## Task inputs:
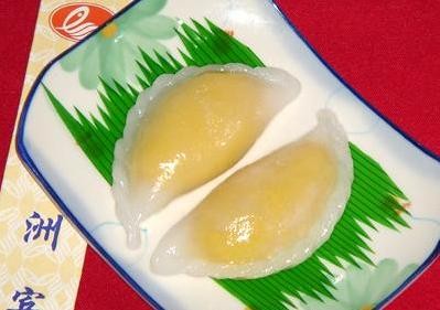 原料 生粉、澄面各250克、盐3克,三花淡奶30克,猪油20克,奶皇馅200克。
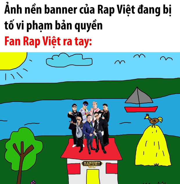 Để giảm bớt căng thẳng, netizen đã trổ tài thiết kế poster miễn phí cho Rap Việt đậm chất "cây nhà lá vườn" kèm lời nhắn gửi: Lần sau cứ hô lên một tiếng là đội nhà sẵn sàng thiết kế miễn phí, khỏi phải download ở đâu cho xa xôi.
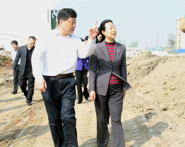邱丽新(右)一行参观黄州大道延伸线施工现场
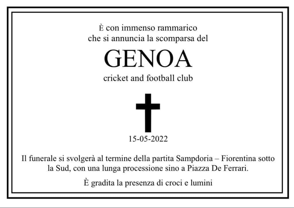 Oggi ci sarà Sampdoria Fiorentina a Marassi, ma già da stamattina i tifosi blucerchiati hanno iniziato i “funerali “dei cugini rossoblù. Infatti ieri, se la sconfitta del Cagliari ha permesso ai blucerchiati di restare in Serie, non è valso lo stesso per il Genoa che si è visto retrocedere in serie cadetta . I ricordi del 2011 sono subito tornati in mente ai tifosi blucerchiati che hanno deciso di rendere pan per focaccia ai genoani che in quella occasione avevano festeggiato la retrocessione della Sampdoria con caroselli per tutta la città. Adesso gli sfottò sono solo sui social, ma durante e dopo la partita di stasera il popolo blucerchiato esprimerà tutta la sua gioia.
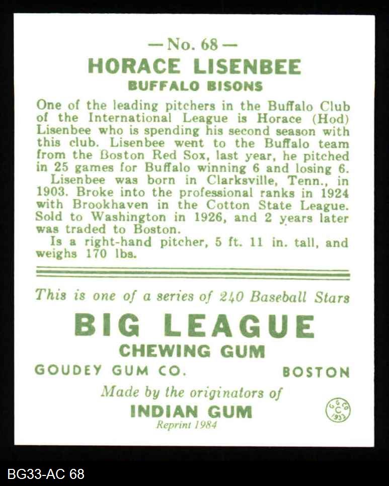 1933 Goudey Reprint #68 Horace Lisenbee 8 - NM/MT
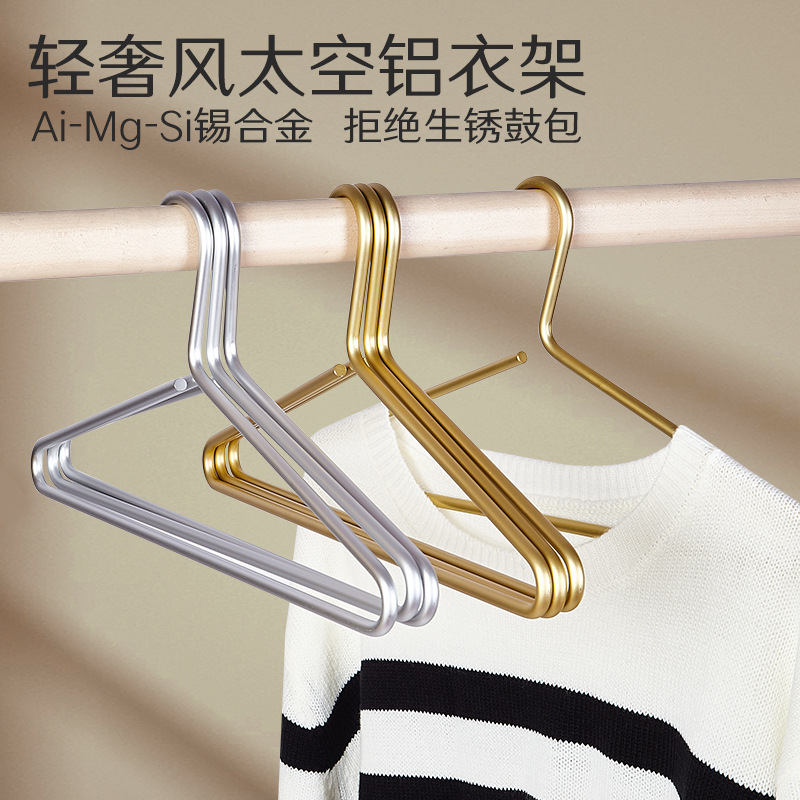 太空铝合金衣架家用挂衣无痕加厚加粗不锈钢衣挂轻奢金色家居衣撑
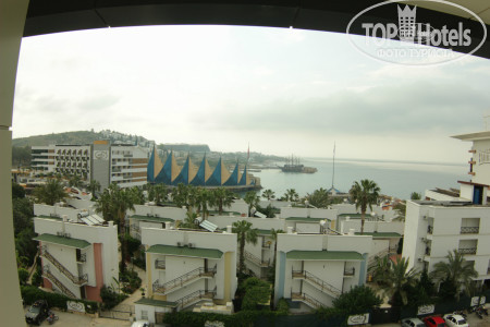 У нас был забронирован номер типа Standart seaside view. Окна номера выходят на соседние отели Maria Hotel и Adin, вид на море боковой но так же видно довольно красивую бухту отеля Adin где швартуются прогулочные кораблики.
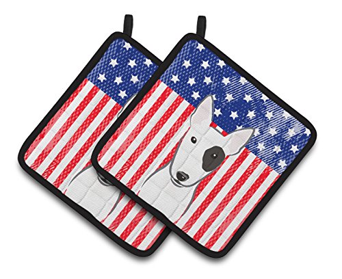 Caroline's Treasures American Flag & Bull Terrier Pair of Pot Holders BB2139PTHD, 7.5HX7.5W, Multicolor
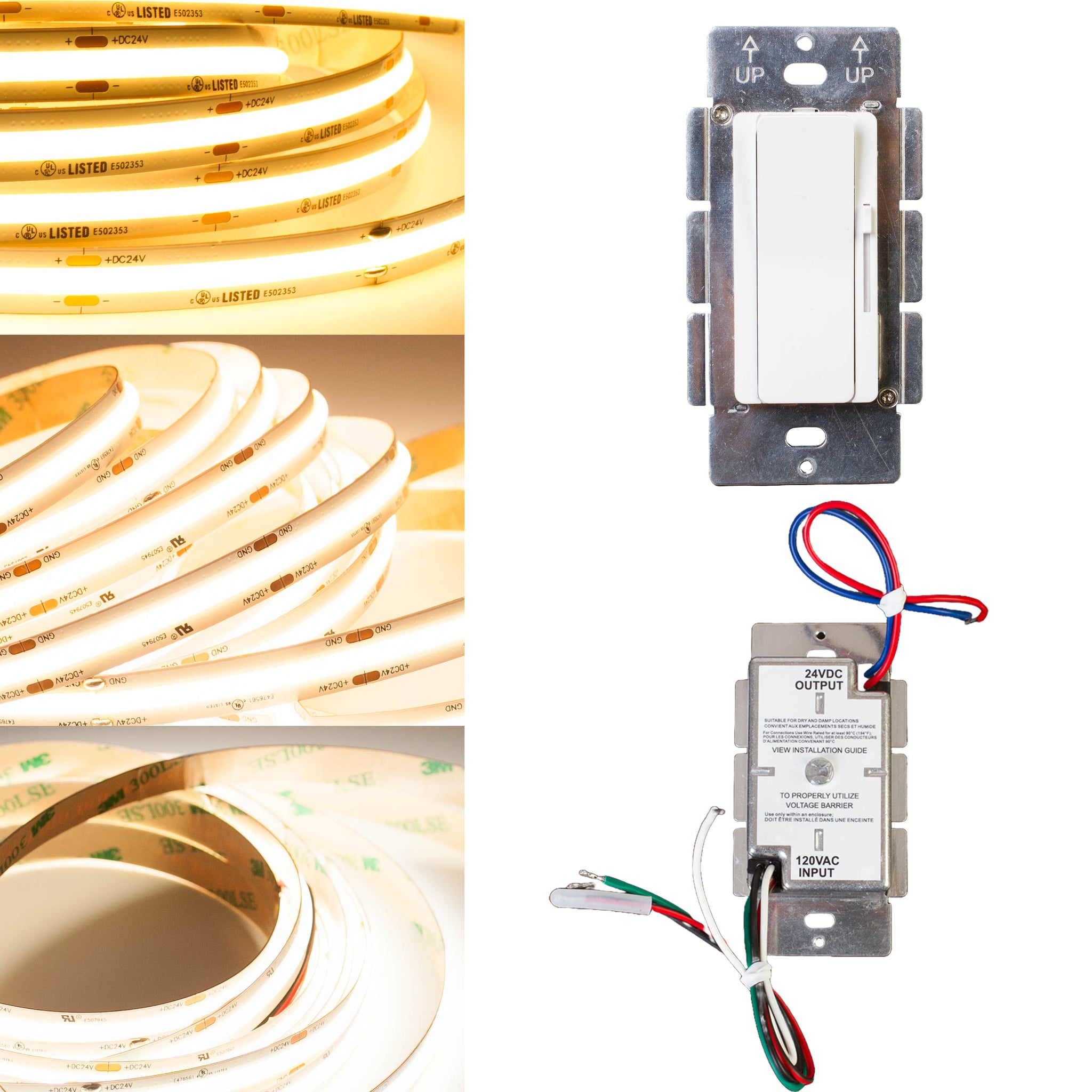 - The high-quality COB chip has 528pcs LED chip per meter which can produce continuous brightness throughout the strip.
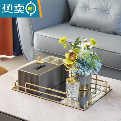 敬平纸巾盒抽纸盒家用客厅轻奢茶几纸抽盒餐桌皮革多功能遥控器收纳盒 套装二

## Your task:
Only one part of the material above is wanted: the lines from the one with "太空铝合金衣架家用挂衣无痕加厚加粗不锈钢衣挂轻奢金色家居衣撑" up to and including the one with "У нас был забронирован". Please copy them exactly, pictures left out.

## Exercise output:
 太空铝合金衣架家用挂衣无痕加厚加粗不锈钢衣挂轻奢金色家居衣撑
 У нас был забронирован номер типа Standart seaside view. Окна номера выходят на соседние отели Maria Hotel и Adin, вид на море боковой но так же видно довольно красивую бухту отеля Adin где швартуются прогулочные кораблики.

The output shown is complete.